Suffering has a way of inserting itself between you and the ones you love and throwing out its elbows, whether as the initial cause or the growing effect of your separation. Whether as the germ or the fruit of human sickness. Once or sometimes twice a year your father, sister, and you converge in three cars in the parking lot shared by your grandmother’s apartment and the old folks’ pyramid, your dad from his house on the floodplain, your sister from her home in the mountains three states away, and you from the seaside town in California where you landed after a journey of a couple decades.
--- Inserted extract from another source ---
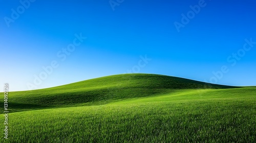 Naklejka premium Rolling green hills under a vibrant blue sky.

Sometimes your grandma still makes fudge, but divinity you haven’t seen since you were a kid. Often you picture her with that red hibiscus in her hair, or smoking cigars with your dad at your wedding. She introduced you to Georgia O’Keeffe and Joyce Carol Oates when you were a kid—the latter introduction scandalizing your mother—and still jokingly refers to the local library as the Incontinent rather than the Midcontinent. She’s the only other reader in your family. You, the first to graduate from college. She complains about how the most recent expansion of the old folks’ village has led to the neglect of her older, lower-rent unit, same as its development once led to the neglect of another less lucrative set of residences. Life’s conveyor is unrelenting even at the margins. The enclave has apartments, an assisted-living facility, a nursing home, and hospice care, but the apartments are the only dwellings that seem to keep expanding in count and grandeur and scale. Your grandma’s apartment is luxurious with the scents of cumin and lentil soup and potting soil and roses. The theme of the art on her walls is maritime. After almost a century, she’s seen enough to weigh in on whether it’s better for your mind to go first or your body. After almost a century, she’s sharp enough to weigh in on pretty much everything, her edges well stropped on her fellow residents, many of whom she finds too preachy or conservative. For the few hours you’re all together each year, the conversation crackles with politics in various states of ventilation. The time reminds you how easy it is to confuse insularity with safety when what physically encapsulates a person seals his or her brain off too.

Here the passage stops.